Photo survivante de violence
Laïla tenant son enfant dans ses bras. Photo : ONU Femmes/Mohammed Bakir

Il est rapidement devenu indispensable dans ma vie mais il me frappait dès que j'étais en désaccord avec lui. J'ai tout enduré, de la violence sexuelle à la violence psychologique. Il est devenu de plus en plus violent au fil des jours. Il avait un contrôle total sur moi. Sa femme et lui étaient des personnes de notoriété dans la ville. Avec leurs ressources et leur réseau, il m'a fait croire que je n'avais aucune chance contre eux.

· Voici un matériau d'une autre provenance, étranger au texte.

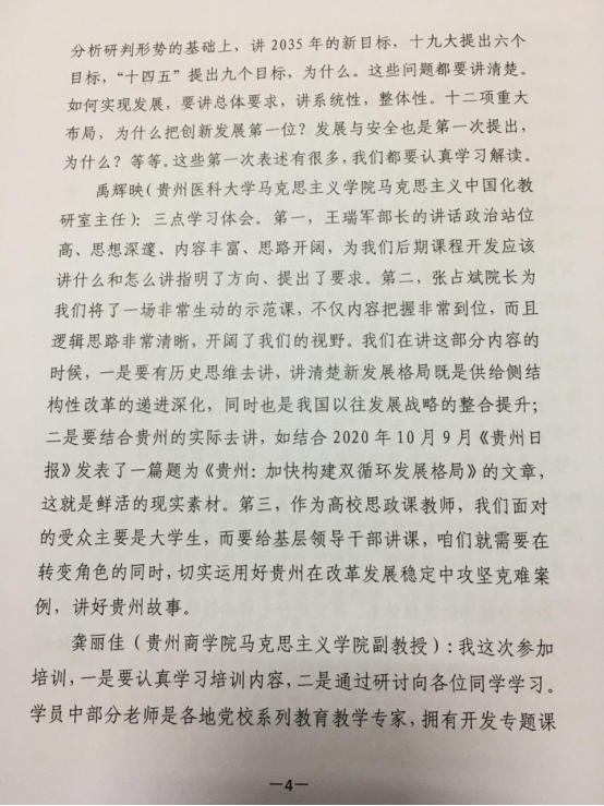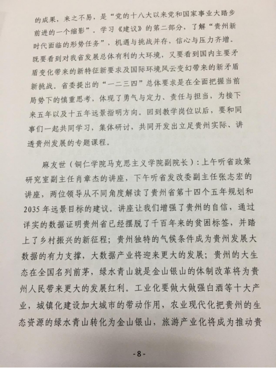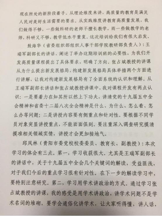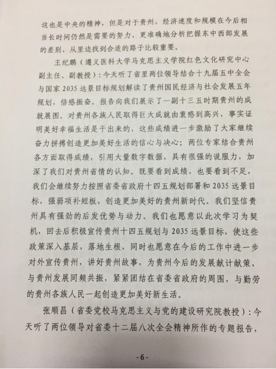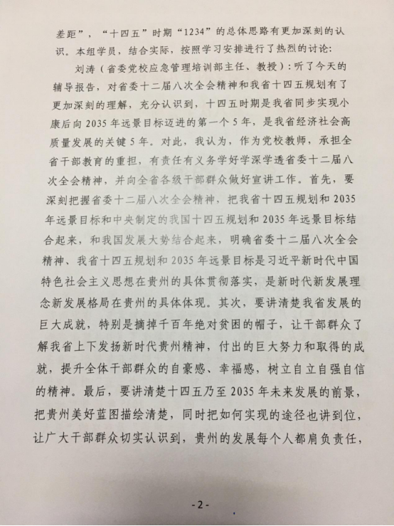 为深入学习贯彻党的十九届五中全会和省委十二届八次全会精神,围绕《中共中央关于制定国民经济和社会发展第十四个五年规划和二〇三五年远景目标的建议》《中国共产党第十九届中央委员会第五次全体会议公报》《中共贵州省委关于制定贵州省国民经济和社会发展第十四个五年规划和二〇三五年远景目标的建议》《中国共产党贵州省第十二届委员会第八次全体会议公报》等精神进行集中学习、集中研讨和集体备课,开发一批系统阐释党的十九届五中全会和省委十二届八次全会精神、“十四五”时期经济社会发展的课程,打造一支长期研究党的十九届五中全会和省委十二届八次全会精神、“十四五”时期经济社会发展的团队队伍,决定在省委党校举办1期学习贯彻党的十九届五中全会和省委十二届八次全会精神团队班。williamhill英国威廉希尔派出王纪鹏和周维明两位老师参加。
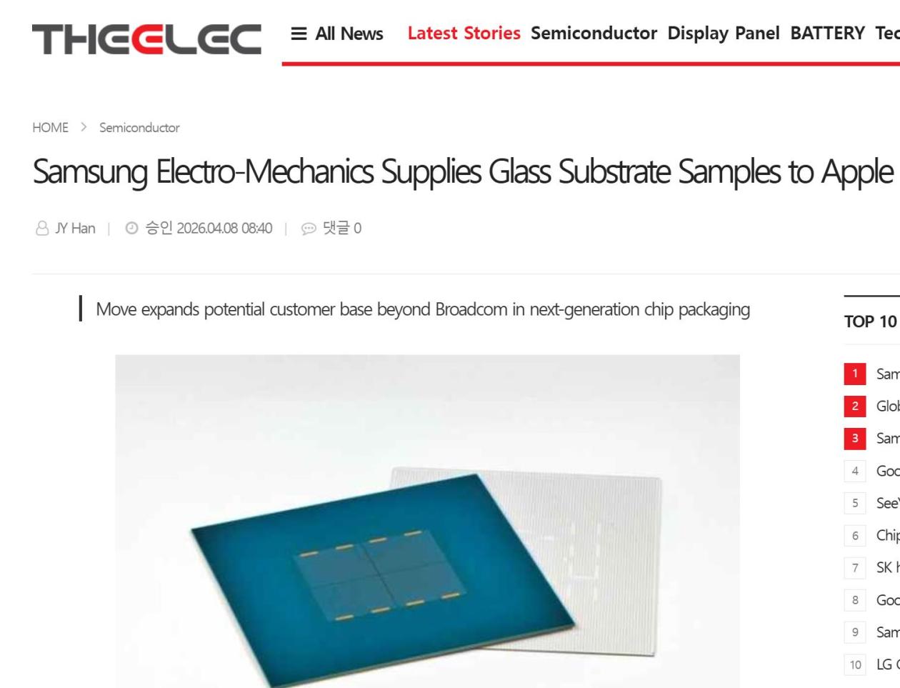 4月8日消息,据thelec报道称,三星电机已向苹果公司提供了用于半导体封装的玻璃基板样品。此举标志着三星电机正将其潜在客户群从博通扩展至终端用户,加速在下一代芯片封装领域的布局。
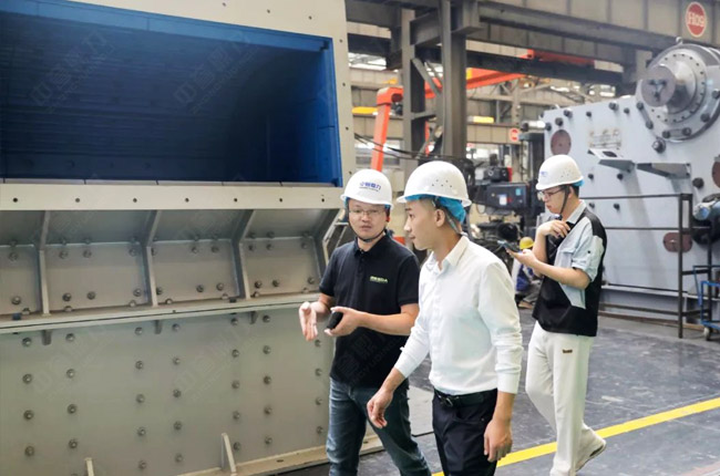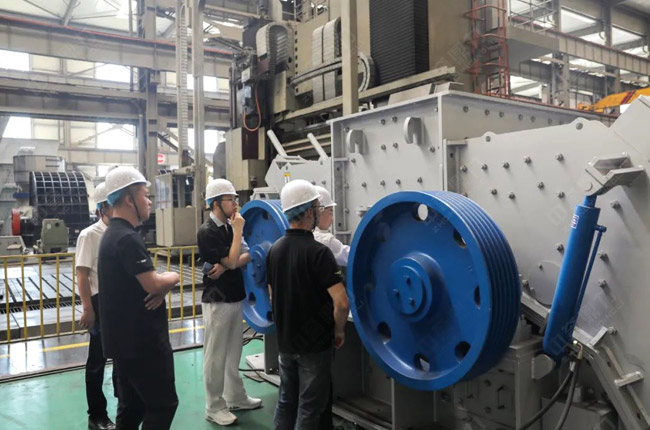 在觀摩過程中,參觀團(tuán)查看了中譽(yù)鼎力破碎機(jī)、制砂機(jī)產(chǎn)品,并了解了產(chǎn)品的特點(diǎn)、原理和性能優(yōu)勢(shì)。
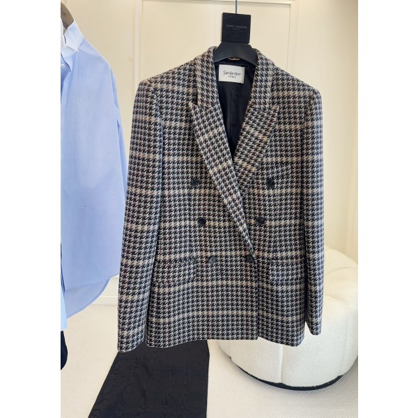 ysl 2026 초봄의 새로운 하운드투스 체크 더블 정장 코트 털을 깎은 울 소재, 부드럽고 따뜻한 소재 다양한 색상의 하운드투스 체크 복고풍과 우아함, 스티치 칼라+더블 버튼 깔끔한 실루엣, 아우라 풀오픈 적당한 기장감으로 통근이나 공식석상에도 부담없이 소화가능 파리한 무드로 스타일리쉬하면서도 실용적
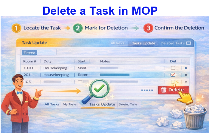 If a task was deleted by mistake, it can easily be restored in MOP. The system keeps deleted tasks in a separate section so they can be reviewed and recovered when needed. Restoring a deleted task will return it to the active task list so it can ...
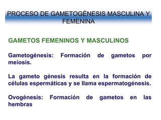 El documento describe los procesos de gametogénesis masculina y femenina. La gametogénesis masculina se llama espermatogénesis y resulta en la formación de cuatro espermatozoides del mismo tamaño a través de meiosis. La gametogénesis femenina se llama ovogénesis y resulta en la formación de un único óvulo funcional grande y tres cuerpos polares que se desintegran, también a través de meiosis. Ambos procesos producen gametos haploides pero difieren en sus resultados finales.
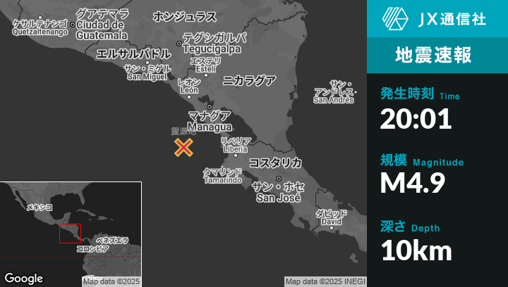 | 震源地 | ニカラグアのMasachapaから南西103kmの地点 |
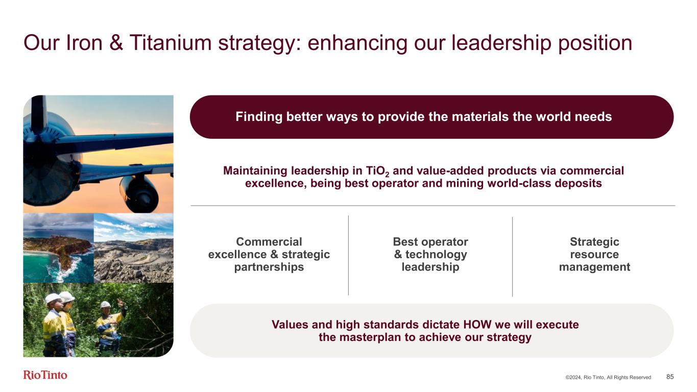 Values and high standards dictate HOW we will execute the masterplan to achieve our strategy ©2024, Rio Tinto, All Rights Reserved 85 Our Iron & Titanium strategy: enhancing our leadership position Commercial excellence & strategic partnerships Best operator & technology leadership Maintaining leadership in TiO2 and value-added products via commercial excellence, being best operator and mining world-class deposits Strategic resource management Finding better ways to provide the materials the world needs
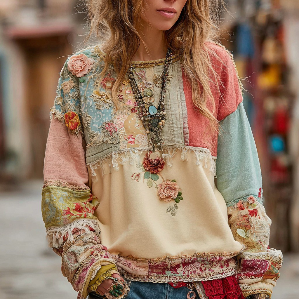 Women's Vintage Floral Patchwork Art Cozy Warm Sweatshirt
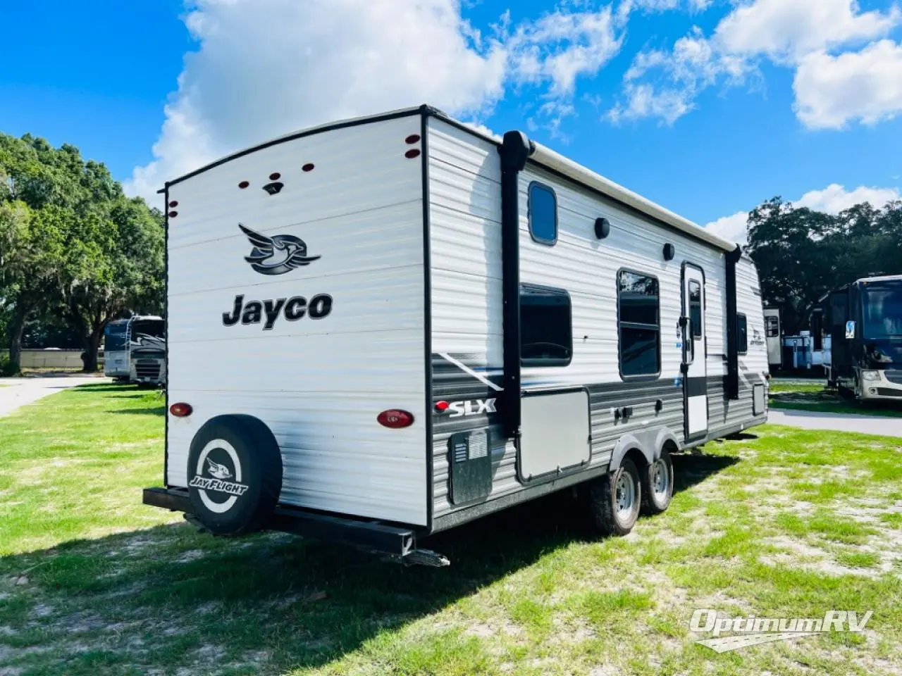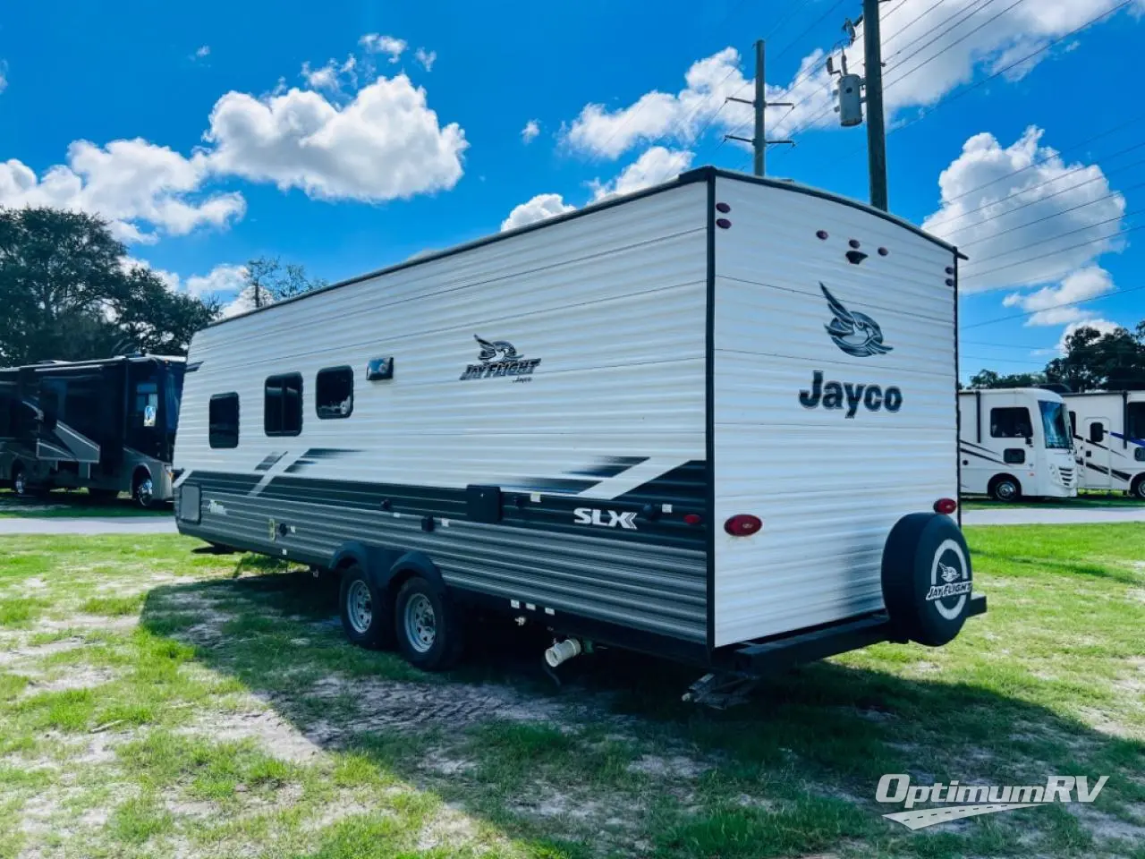 With any Jay Flight SLX 8 travel trailer by Jayco, you will have a durable foundation with l-Class cambered structural steel l-beams, a fully-integrated A-frame, seamless roof material and a Magnum Truss Roof System with plywood decking for a 50% stronger roof than any other in the industry. Also included are Goodyear Endurance tires made in the USA, a front diamond plate to protect against road debris. Inside, you will love the fresh interior design, the solid hardwood cabinet doors, the 81-inch tall ceiling, the energy-saving LED lighting, and the storage. Whether you are looking for an RV for a small or large group, you will find a Jay Flight SLX 8 to fit your camping lifestyle!

Lorsqu'une amie m'a adressée à l'Unité de Prise en Charge pour les femmes victimes de violences relevant de la Police, j'étais à un stade de ma vie où plus rien ne m’importait réellement. J'étais enceinte, célibataire et seule. Sur le trajet du poste de police, j'étais terrifiée. J'avais peur que [la police] ne me croie pas mais dès que je suis arrivée, j'ai été chaleureusement accueillie par une agente de police. La première chose qu'elle m'a dite et que je ne pourrais jamais oublier est qu'il y a une solution à tout. C’est devenu ma devise dans la vie. Elle m’a encouragée à lui raconter toute ce qui m’était arrivée. Elle m'a écoutée avec beaucoup d'attention et d'intérêt. J'étais soulagée. J'avais le sentiment d’avoir finalement rencontré quelqu'un qui avait une conscience aussi bien professionnelle qu’humaine. À l'époque, je ne me sentais pas en sécurité et pensais que je me trouvais dans une impasse, mais en la rencontrant, j'ai compris que j'avais encore la possibilité de reprendre ma vie en main. Elle est aujourd’hui l'une des rares personnes à savoir ce qui m'est arrivé. Elle m'a mise en contact avec un foyer local pour mères célibataires où j’ai été accueillie et soutenue et a trouvé une place pour mon enfant à naître et moi. Il y a deux ans, ma fille est née. Elle est mon seul espoir. Son nom en arabe signifie "Révolution". Récemment, j'ai obtenu une licence en mathématiques. J'étudiais tout en m'occupant de mon enfant au foyer.  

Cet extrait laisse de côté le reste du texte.